The Italy national rugby union team (Italian: Squadra nazionale italiana di rugby) represents Italy in men's international rugby union. The team is known as gli Azzurri (the light-blues). Savoy blue is the common colour of the national teams representing Italy, as it is the traditional colour of the royal House of Savoy which reigned over the Kingdom of Italy from 1860 to 1946.

Italy has played international rugby since 1929, and for decades was considered one of the best European teams outside the Five Nations Championship. Since 2000, Italy has competed annually in the Six Nations Championship with England, France, Ireland, Scotland and Wales. In 2013, they were holders of the Giuseppe Garibaldi Trophy which is played annually between Italy and France. Italy is ranked 12th in the world by the IRB as of 13th February 2023.

Italian rugby rose to prominence in 2000 when it was added to the Five Nations, creating the Six Nations. Initially on the receiving end of some heavy defeats, the side grew in competitiveness, recording a fourth-place finish in 2007 and 2013, and one-sided defeats became less frequent. The Azzurri showed respectable results when playing at home in the early 2010s: they defeated France 22–21 in the 2011 Six Nations; and during the 2013 Six Nations, they again beat France 23–18, also defeating Ireland 22–15. Until 19 March 2022, Italy had not won a Six Nations game since beating Scotland in 2015. However, on 19 March, Edoardo Padovani scored a last minute try against Wales, to earn Italy their first win in 36 games, as well as their first away win against Wales and third away win in the tournament.

Italy has competed at every Rugby World Cup since the first tournament in 1987, where Italy played the inaugural game against New Zealand, but is yet to progress beyond the first round. The team has developed a reputation for being a consistent middle player at the tournament. Italy's results since the inception of a new group stage formula in 2003 have consistently followed a pattern of two wins against Tier 2 teams and two losses against Tier 1 ones (although in 2019, the match against New Zealand was cancelled due to Hagibis typhoon). The current head coach is Kieran Crowley, and the captain is currently Michele Lamaro.

History

Early history: 1911–34 
The first match played by an Italian XV was in 1911 between US Milanese and Voiron of France. On 25 July of the same year the "Propaganda Committee" was formed which in 1928 became the Federazione Italiana Rugby (FIR) (Italian Rugby Federation).

In May 1929, Italy played their first international losing 0–9 against Spain in Barcelona. In 1934, Italy was one of the founder members of FIRA, today's Rugby Europe; the others were France, Spain, Belgium, Portugal, Catalonia, Romania, Holland and Germany.

1945–85 
World War II meant a hiatus for Italian rugby union, as it did in other rugby-playing nations. Post-war, there was a desire to return to normal and Italian rugby union entered a new dimension thanks to the help of Allied troops in Italy.

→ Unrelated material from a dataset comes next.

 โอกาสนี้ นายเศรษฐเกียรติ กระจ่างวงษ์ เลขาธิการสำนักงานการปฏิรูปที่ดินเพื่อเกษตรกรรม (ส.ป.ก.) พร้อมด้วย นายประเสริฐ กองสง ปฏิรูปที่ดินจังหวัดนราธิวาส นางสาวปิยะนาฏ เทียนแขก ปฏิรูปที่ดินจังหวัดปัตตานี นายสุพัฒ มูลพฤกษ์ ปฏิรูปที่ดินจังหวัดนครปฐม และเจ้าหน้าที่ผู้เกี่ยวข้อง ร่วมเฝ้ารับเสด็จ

In the 1970s and 1980s rugby union made enormous progress thanks to great foreign players (John Kirwan, Naas Botha, David Campese, Michael Lynagh) and coaches (Julien Saby, Roy Bish, Greenwood, Nelie Smith) in the Italian championship. Even foreign coaches were and continue to be chosen for the national team, like Bertrande Fourcade and Georges Coste. In 1973, the national team went on a tour of South Africa, coached by ex-Springbok prop Amos Du Plooey. Tours of England and Scotland followed, as well as games against Australia and New Zealand, the masters of their day. In 1978, Italy first played Argentina at Rovigo, winning 19–6.

1986–99 

Since the mid-1980s, Italy had been pursuing the ambition of playing in an expanded Five Nations Championship. Consistently winning against nations that now play in the European Nations Cup (Romania, Spain, Georgia, etc.), and good results against the major nations such as France, Scotland, Wales and Ireland meant that they were often talked as strong candidates.

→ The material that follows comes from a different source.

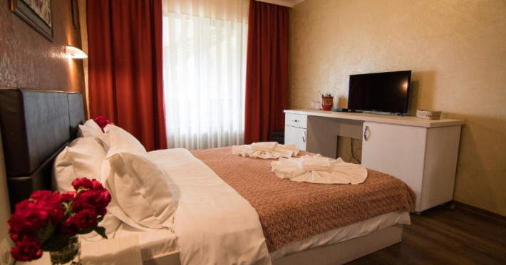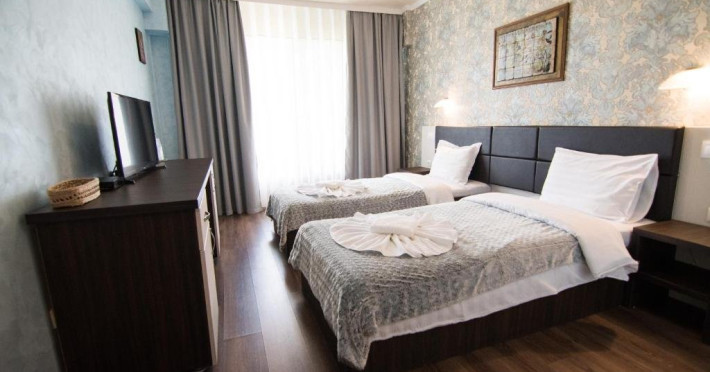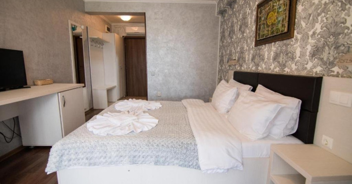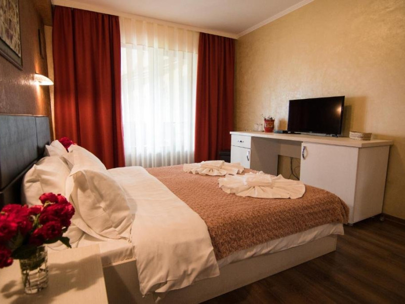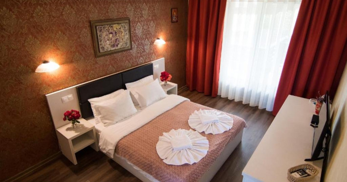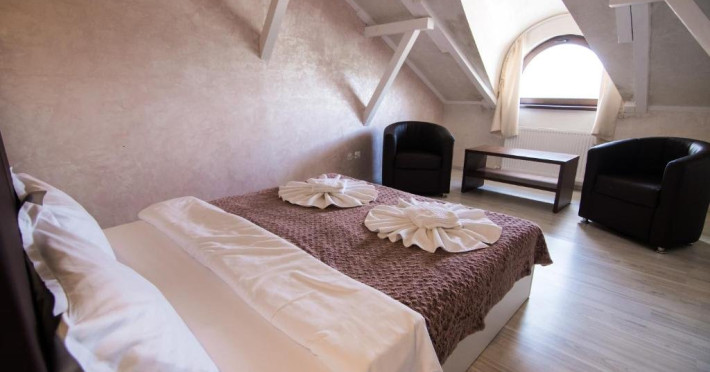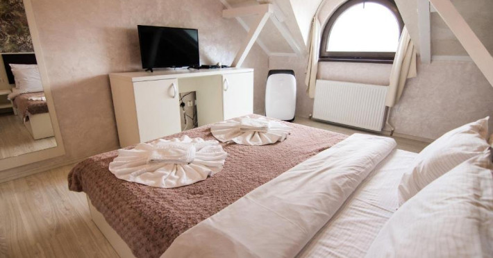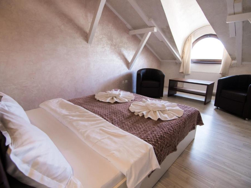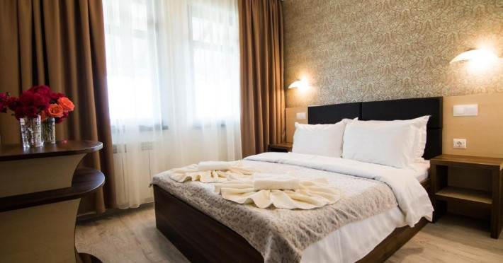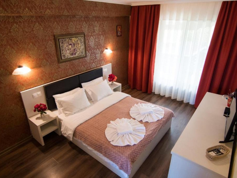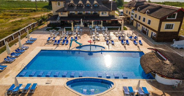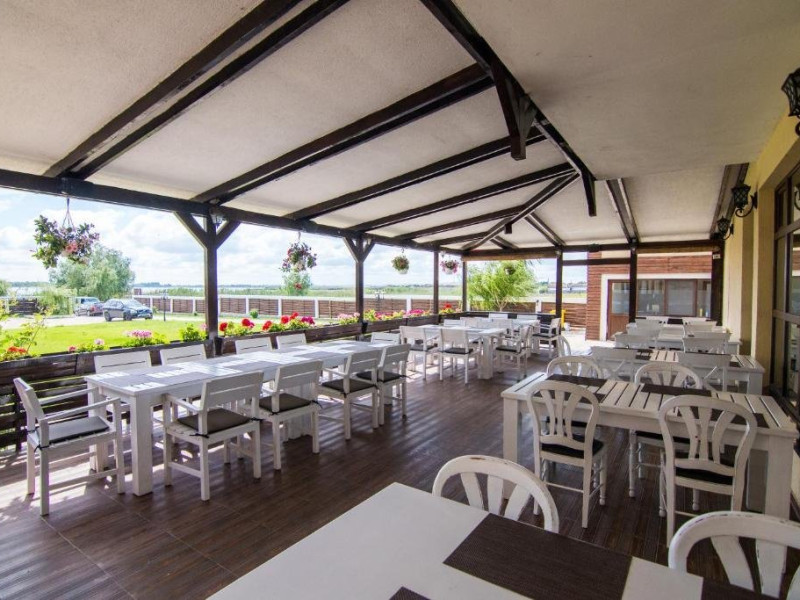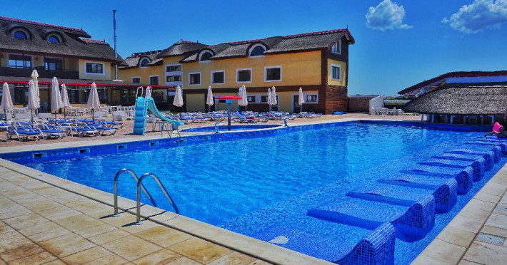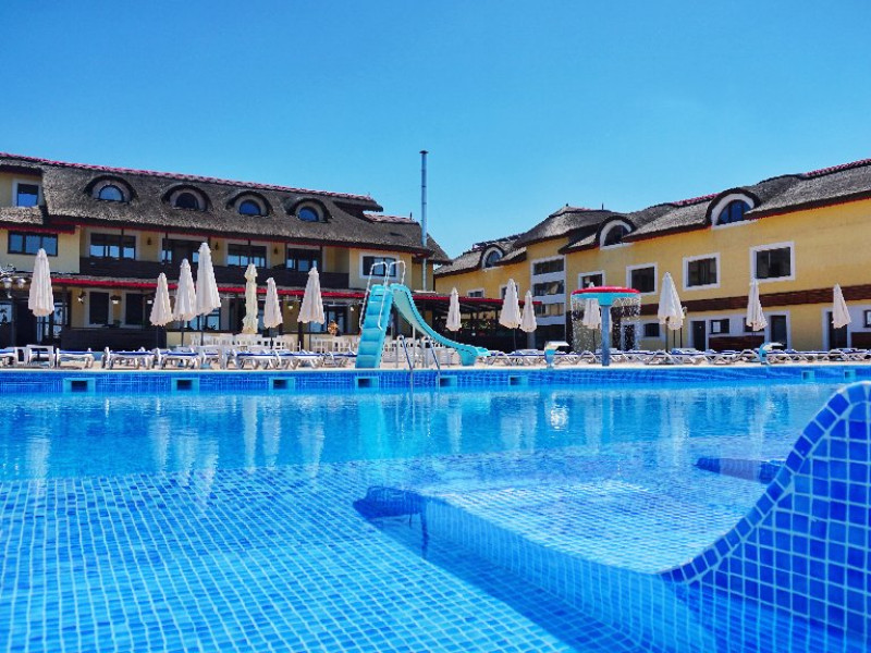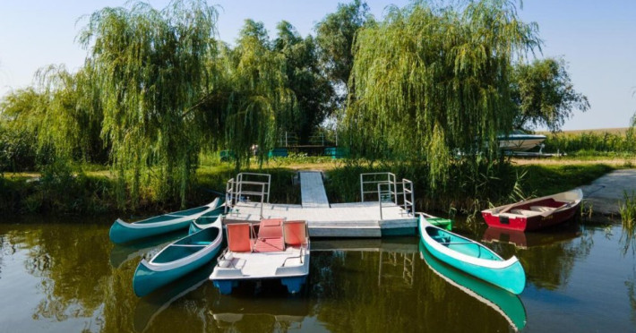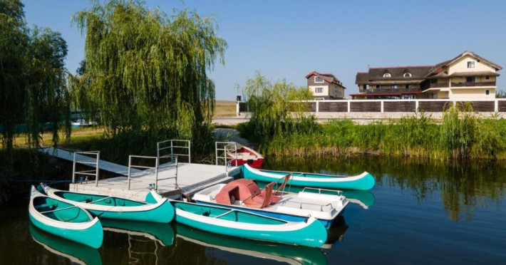 INFORMATII GENERALE Pensiunea Danubiu se afla in Delta Dunarii pe malul lacului Murighiol. DESCRIERE UNITATE DE CAZARE Locatia pune la dispozitia turistilor un restaurant cu terasa si foisoare, piscine, zona de plaja si relaxare, sala de conferinte, sala de fitness, zona de divertisment, loc de joaca pentru copii. FACILITATI UNITATE In spatele pensiunii se afla zona de plaja si relaxare cu sezlonguri si umbrele amplasate in jurul piscinei semiolimpice de 300 mp cu apa incalzita, ce dispune de bar si sezlonguri in apa, plus un jacuzzi de relaxare cu sezlonguri si canapele cu hidromasaj si o piscina pentru copii dotata cu umbrela si tobogan cu apa, langa care este amenajat un spatiu de joaca destinat copiilor. Pe malul Ghiolului Porculet se afla padocuri pentru pescuit si relaxare, un foisor din lemn cu instalatie de sunet si lumini pentru organizarea de petreceri si un foisor cu zona de barbeque cu gratar, rotisor, plita si cuptor de pizza pe lemne. Pentru petrecerea timpului liber turistii au la dispozitie sala de fitness si un salon de relaxare si divertisment, dotat cu masa de tenis, masa de biliard, masa de poker, echipamente de darts si alte jocuri precum carti de joc, table, sah. La parterul pensiunii, langa restaurant si terasa dinspre zona de agrement este amenajat un spatiu de joaca pentru copii cu o terasa acoperita. In plus, se ofera si servicii de agrement precum pescuitul sportiv, inchirieri de ATV-uri si biciclete, inchirieri de caiace, canoe, hidrobiciclete sau barci cu motor/ rame pentru plimbari pe Lacul Murighiol aflat in fata pensiunii, acolo unde este amenajat un mini port pentru ambarcatiuni si doua diguri cu padocuri din lemn de pe care se poate pescui in voie si fara taxe. DESCRIERE CAMERE Camerele Duble Premium dispun de balcon si au vedere la lac, fiind ideale pentru vacantele de familie. Camerele Duble de la mansarda nu dispun de balcon, dar ofera vedere spre lac. Apartamentul este compus din doua dormitoare cu pat matrimonial si living cu canapea extensibila, balconul cu vedere spre Lacul Murighiol intregind acest tip de camera. Suita cu vedere la lac si piscina este compusa dintr-un dormitor cu pat matrimonial si living cu canapea extensibila, dar nu are balcon. Camerele spaioase, moderne, dotate cu televizor, aer conditionat, minibar, dispun de baie proprie dotata cu cabina de dus si uscator de par ofera o vedere excelenta asupra lacurilor din jur, indiferent de pozitia din pensiune. LOCALIZARE Pensiunea se afla pe malul lacului Murighiol la o distanta de aproximativ 800 m de marginea satului Murighiol si la 38 km de municipiul Tulcea, iar accesul rutier se face usor pe un drum asfaltat. ATRACTII TURISTICE Cetatea Halmyris, Manastirea Halmyris, Lacul Murighiol. POLITICI Nu sunt acceptate animalele de companie. SERVICII DE MASA Mesele se servesc in restaurantul propriu care are o capacitate de 75 de locuri in interior, in timp ce terasele exterioare au 150 de locuri. FACILITATI COPII Piscina pentru copii cu umbrela si tobogan cu apa, loc de joaca acoperit. Se poate adauga maxim un pat suplimentar doar in camera dubla cu balcon. FACILITATI EVENIMENTE Pensiunea ofera o sala de conferinte cu o capacitate de 75 locuri.

In 1986, Italy hosted an England XV squad in Rome, drawing 15–15. The Azzurri took part in the first-ever Rugby World Cup match against New Zealand on 22 May 1987. The match proved a one-sided affair with New Zealand convincing 70–6 winners against a young Italy side. John Kirwan, later to become the Italy national coach, scored one of the tournament's greatest-ever tries for the All Blacks. Italy beat Fiji but lost to Argentina and finished third in their pool, failing to make the finals. In 1988, they played Ireland for the first time.

At the 1991 World Cup, Italy were grouped in a tough pool with the likes of England and the All Blacks. They lost both of these games but beat the USA. Italy first played Wales in 1994. At the 1995 World Cup in South Africa, Italy came close to beating England; losing 20–27, but recovered to beat Argentina. They finished third in their pool again below England and Western Samoa, but above the Argentines.

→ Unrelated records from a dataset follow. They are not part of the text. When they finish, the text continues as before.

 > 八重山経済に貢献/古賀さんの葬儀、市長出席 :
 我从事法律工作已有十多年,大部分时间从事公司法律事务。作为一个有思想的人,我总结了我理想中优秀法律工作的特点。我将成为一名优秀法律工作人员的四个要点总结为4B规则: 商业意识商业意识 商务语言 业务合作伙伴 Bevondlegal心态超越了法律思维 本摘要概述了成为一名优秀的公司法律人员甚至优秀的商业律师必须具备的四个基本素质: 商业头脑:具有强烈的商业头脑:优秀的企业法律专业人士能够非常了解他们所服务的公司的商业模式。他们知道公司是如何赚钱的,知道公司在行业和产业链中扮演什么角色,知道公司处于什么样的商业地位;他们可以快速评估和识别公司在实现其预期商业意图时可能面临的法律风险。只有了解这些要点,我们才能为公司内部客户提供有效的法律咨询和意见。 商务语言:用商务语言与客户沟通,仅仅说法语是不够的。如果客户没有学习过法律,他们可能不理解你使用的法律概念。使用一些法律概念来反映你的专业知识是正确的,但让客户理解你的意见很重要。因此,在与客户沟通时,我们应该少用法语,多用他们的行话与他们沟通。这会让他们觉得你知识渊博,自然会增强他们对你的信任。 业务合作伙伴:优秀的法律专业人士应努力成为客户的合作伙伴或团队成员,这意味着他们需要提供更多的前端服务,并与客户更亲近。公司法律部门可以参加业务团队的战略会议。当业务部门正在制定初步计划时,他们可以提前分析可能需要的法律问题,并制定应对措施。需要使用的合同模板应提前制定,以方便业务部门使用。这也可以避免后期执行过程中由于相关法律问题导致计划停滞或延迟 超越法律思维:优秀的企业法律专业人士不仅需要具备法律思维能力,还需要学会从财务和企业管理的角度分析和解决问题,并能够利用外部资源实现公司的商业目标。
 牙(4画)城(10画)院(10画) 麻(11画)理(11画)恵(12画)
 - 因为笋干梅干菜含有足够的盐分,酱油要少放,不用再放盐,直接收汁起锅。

The late 1990s saw the Italians build a formidable side and record Test victories over Five Nations opposition. In 1996, a deal between British Sky Broadcasting and the Rugby Football Union meant that England home games were exclusively shown on Sky. England were threatened with being expelled from the Five Nations to be replaced by Italy. This threat was never carried out as a deal was worked out.

In 1996, Italy toured England, Wales and for the first time Scotland, losing all matches. The team recorded two consecutive victories over Ireland in 1997; 37–29 on 4 January, at Lansdowne Road, and 37–22 on 20 December, in Bologna. On 22 March 1997 they recorded their first win over France, 40–32, (in Grenoble). In January 1998, Scotland were the victims with Italy winning 25–21 (in Treviso); in the same year in the Rugby World Cup Qualifiers, they narrowly lost 15–23 against England at Huddersfield, but they argued for a try by Alessandro Troncon disallowed by the referee.

At the 1999 World Cup, Italy were drawn with New Zealand for the third time and lost again. They did not win a single pool match and went home before the knock-out stage.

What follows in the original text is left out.